I like the easy driving with CC but my bugbear with it is that I seldom find a road which is sufficiently traffic free to engage it. I enjoy setting it at 60 on A-roads & seeing how far I can get before I bottle out & have to brake! It's very good for teaching you to read the road ahead!  Don't think the old MH has good enough handling to corner like the Merc tho. :drive:


----------



## MATS (Feb 4, 2013)

you worry too much,also forgot  to say the brick doubles up as my handbrake as that came off in my hand last year...


----------



## Teutone (Feb 4, 2013)

Smaug said:


> Not got cruise control on the MH, but I have on my old Merc Roadster. I found it made my fuel consumption worse, but then I am very gentle with the throttle & will sometimes wait for a downhill bit to increase my cruising speed, I always back off the throttle before a bend rather than braking & generally try to minimise fuel wastage.
> 
> :drive:



Second that. I can beat the CC every time in terms of economy. 
All the answers in this thread seem to imply that a Cruise control is a fuel saving aid.
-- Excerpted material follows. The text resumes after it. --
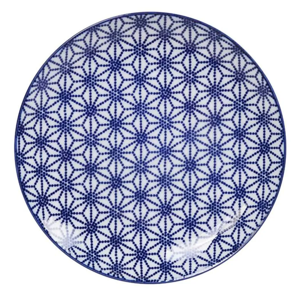 – Blått, geometriskt mönster.
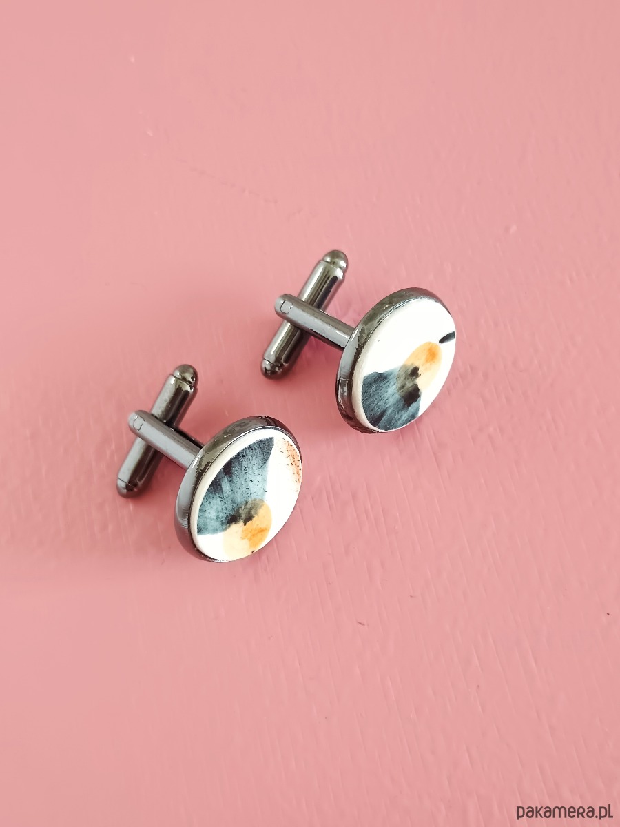 Historia fajansu włocławskiego sięga 1873 roku. Zakładów było kilka, zmieniali się właściciele i lokalizacje. Produkcja najbardziej rozwinęła się po II WŚ, kiedy w miejscowych zakładach powstawał nie tylko fajans, ale również porcelit i porcelana. Zróżnicowane było także wzornictwo - produkowano nie tylko naczynia, ale również elementy wyposażenia wnętrz (lampy, świeczniki, żyrandole). Mimo tej różnorodności, najbardziej rozpoznawalnym wyrobem z Włocławka jest talerz w ręcznie malowane kobaltowe kwiaty (z takich najchętniej korzystam :). I mimo, że najdłużej działająca fabryka zakończyła działalność w 1991 roku, dzięki lokalnym inicjatywom produkcja fajansu została wznowiona i trwa do dziś! Oto okrągłe spinki do mankietów, które wykonałam z fragmentów fajansu włocławskiego ręcznie malowanego w kolorowe wzory. Kawałki stłuczki oszlifowałam i połączyłam z metalowymi zapięciami w kolorze grafitowym. Ceramikę zeszlifowałam również z grubości - jest cieńsza niż pierwotnie, dzięki czemu spinki nie są masywne. Brzegi pokryłam lakierem, co sprawia, że nie brudzą się i nie chłoną wilgoci. Średnica elementów ceramicznych: 16 mm. Spinki zapakowane są w eleganckie eko pudełko. Unikat - każdy z moich wyrobów występuje w jednym egzemplarzu. Upcykling - nie reprodukuję wykorzystywanych wzorów, niczego nie domalowuję - wykorzystuję wyłącznie oryginalne naczynia i motywy, które się na nich znajdują. Tym samym, stłuczce z odzysku nadaję nowe życie.

It is NOT. Especially not when it gets hilly. 
One will lift off and live with the drop of speed at a hill, the CC will just floor the throttle to keep the selected speed at all cost.


----------



## dave and mary (Feb 4, 2013)

Teutone said:


> Second that. I can beat the CC every time in terms of economy.
> All the answers in this thread seem to imply that a Cruise control is a fuel saving aid. It is NOT. Especially not when it gets hilly.
> One will lift off and live with the drop of speed at a hill, the CC will just floor the throttle to keep the selected speed at all cost.



To me fuel consumption is not the main thing, but making driving a lot more pleasureable. On long trips in europe to be able to set it and in a lot of cases forget about it for may be a hour or so.  I must say i have found them very useful on a number of cars i have had. The first trip with it on the m/h i set it at 60 on the M40 after leaving the M42 and it stayed on until i reached junction 10 if i did not save fuel so be it but i found it great, and relaxing on the foot. :drive:   :drive:


----------



## Tco (Feb 4, 2013)

Trunkles said:


> Dave Newell - Leisure Vehicle Services - Home is the chap in Telford. A friend and I were going to a Morris jig dance workshop in Nottinghamshire and I decide to kill two birds with one stone by going to Telford for the Cruise control.   Arived there last Friday morning in all the snow and Mr. Newell was there waiting for us at 9:00 in the snow! As Alison says it took him 90 minutes and his wife plied us with tea while we played cribbage in the waiting room. Dave took the van out and calibrated the control for 30mph but thought it a bit risky to set it for the 60mph button!! I have to do that myself when conditions are suitable.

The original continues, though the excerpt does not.